→ DATA SECTION:

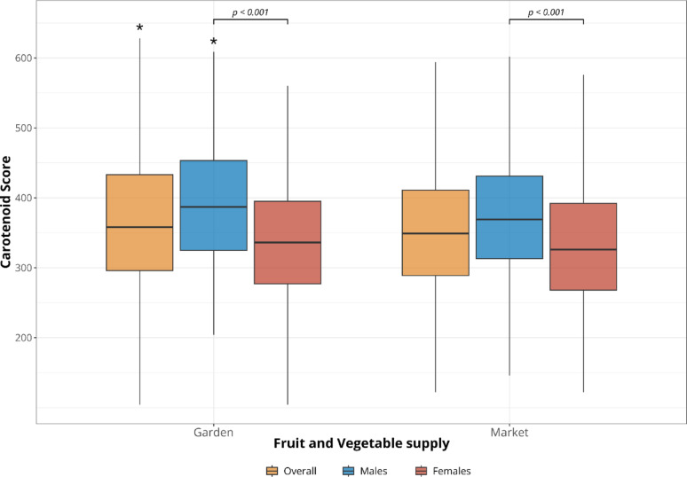 Results: Participants had a mean BMI of 23.30 ± 3.79, which falls within the normal range as well as a medium adherence to the dietary (MEDAS: 7.19 ± 1.86) and lifestyle (MEDLIFE: 3.38 ± 1.21) MD patterns. Mean skin carotenoid levels were 360.61 ± 97.02, with higher carotenoid score in participants stocking up on FV from garden than market (368.28 ± 99.98 vs 357.84 ± 95.88, p = 0.03). Moreover, skin carotenoids were significantly higher in participants declaring to consume more than 2 servings of vegetables and more than 3 servings of fruits/day compared to those having less FV intakes (391.67 ± 101.03 vs 349.27 ± 90.92, p < 0.0001). Multiple regression analyses have revealed that the carotenoid score was positively associated with age, male gender, MEDAS, stocking up on FV from the garden and consuming high FV, while it was negatively associated with BMI and smoking habits.
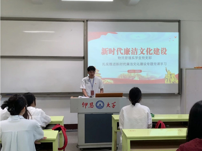 2024年05月30日,pg娱乐电子游戏官网入口物流管理系学生党支部在共和楼305教室开展了以“新时代廉洁文化建设”为主题的书记讲党课活动,本次活动由支部书记林有桂主持,支部全体党员参与。
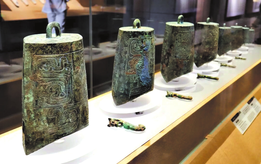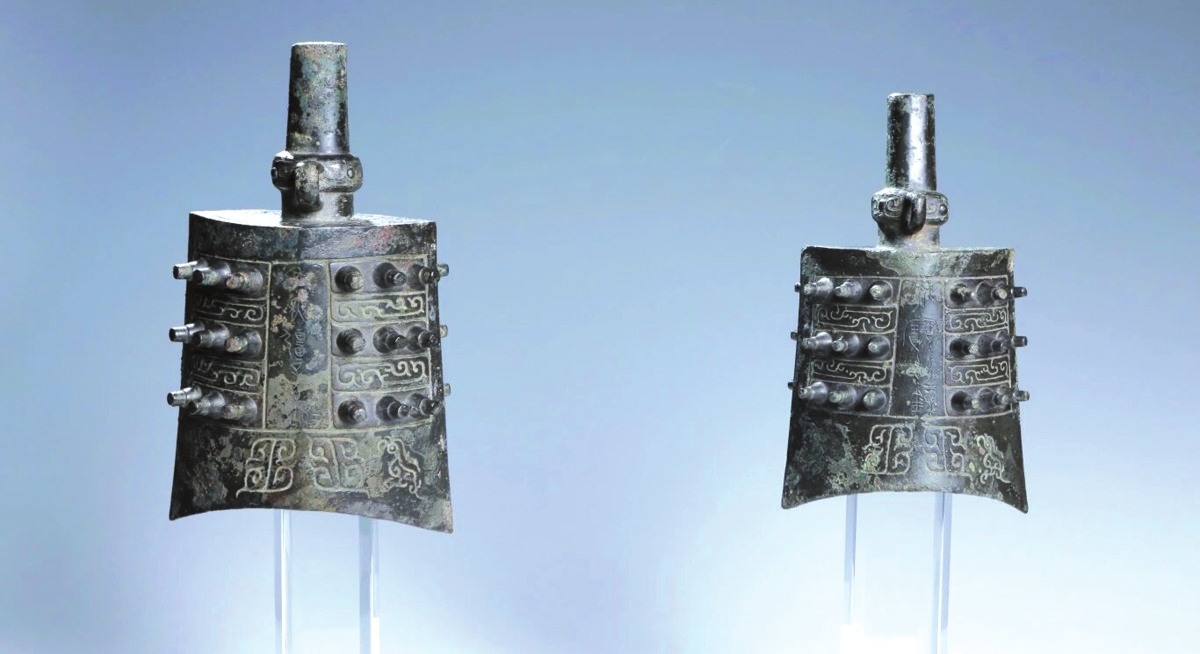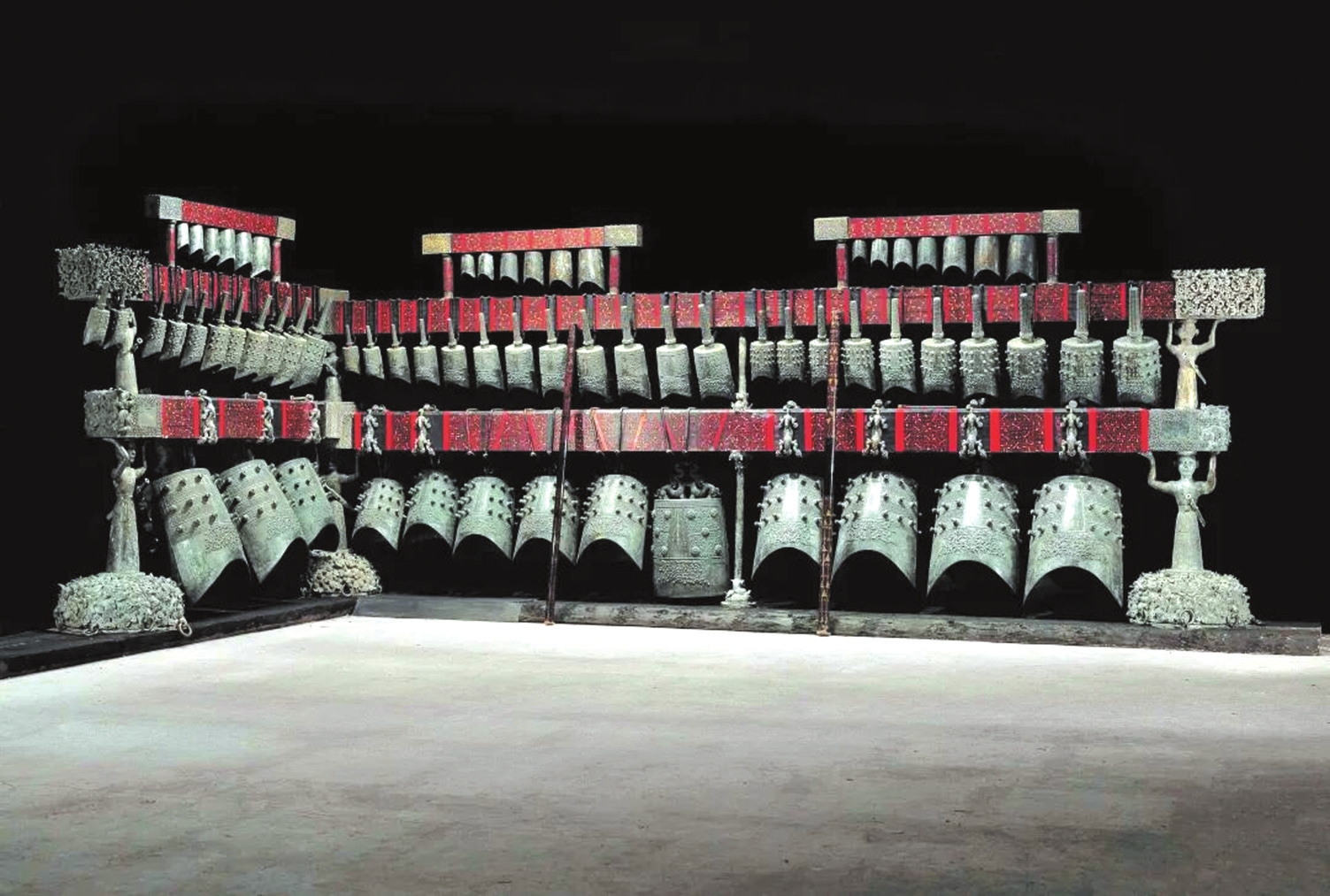 最具代表性的樂鐘無疑是“青銅之冠”的曾侯乙編鐘,它展現(xiàn)了先秦禮樂文明與青銅鑄造技術(shù)的最高成就。曾侯乙編鐘是戰(zhàn)國早期曾國國君的“禮樂重器”,1978年出土于今湖北隨州的曾侯乙墓,是迄今發(fā)現(xiàn)數(shù)量最多、保存最好、音律最全、氣勢(shì)最宏偉的一套編鐘,共65件,分3層8組懸掛于彩漆鐘架之上,鐘體總重達(dá)2.5噸。整套編鐘低音渾厚、中音圓潤、高音清脆,音域?qū)拸V,而且中心音域內(nèi)半音齊備,可以旋宮轉(zhuǎn)調(diào),演奏各種音樂。1978年8月1日,沉寂了2400多年的曾侯乙編鐘演奏了《東方紅》《國際歌》和古曲《楚殤》、民族歌曲《草原上升起不落的太陽》等各種樂曲,樂音悠揚(yáng)回蕩。

→ WHAT TO PRODUCE:
Give the data again word for word, without pictures.

→ RESULT FOR THIS EXERCISE:
 Results: Participants had a mean BMI of 23.30 ± 3.79, which falls within the normal range as well as a medium adherence to the dietary (MEDAS: 7.19 ± 1.86) and lifestyle (MEDLIFE: 3.38 ± 1.21) MD patterns. Mean skin carotenoid levels were 360.61 ± 97.02, with higher carotenoid score in participants stocking up on FV from garden than market (368.28 ± 99.98 vs 357.84 ± 95.88, p = 0.03). Moreover, skin carotenoids were significantly higher in participants declaring to consume more than 2 servings of vegetables and more than 3 servings of fruits/day compared to those having less FV intakes (391.67 ± 101.03 vs 349.27 ± 90.92, p < 0.0001). Multiple regression analyses have revealed that the carotenoid score was positively associated with age, male gender, MEDAS, stocking up on FV from the garden and consuming high FV, while it was negatively associated with BMI and smoking habits.
 2024年05月30日,pg娱乐电子游戏官网入口物流管理系学生党支部在共和楼305教室开展了以“新时代廉洁文化建设”为主题的书记讲党课活动,本次活动由支部书记林有桂主持,支部全体党员参与。
 最具代表性的樂鐘無疑是“青銅之冠”的曾侯乙編鐘,它展現(xiàn)了先秦禮樂文明與青銅鑄造技術(shù)的最高成就。曾侯乙編鐘是戰(zhàn)國早期曾國國君的“禮樂重器”,1978年出土于今湖北隨州的曾侯乙墓,是迄今發(fā)現(xiàn)數(shù)量最多、保存最好、音律最全、氣勢(shì)最宏偉的一套編鐘,共65件,分3層8組懸掛于彩漆鐘架之上,鐘體總重達(dá)2.5噸。整套編鐘低音渾厚、中音圓潤、高音清脆,音域?qū)拸V,而且中心音域內(nèi)半音齊備,可以旋宮轉(zhuǎn)調(diào),演奏各種音樂。1978年8月1日,沉寂了2400多年的曾侯乙編鐘演奏了《東方紅》《國際歌》和古曲《楚殤》、民族歌曲《草原上升起不落的太陽》等各種樂曲,樂音悠揚(yáng)回蕩。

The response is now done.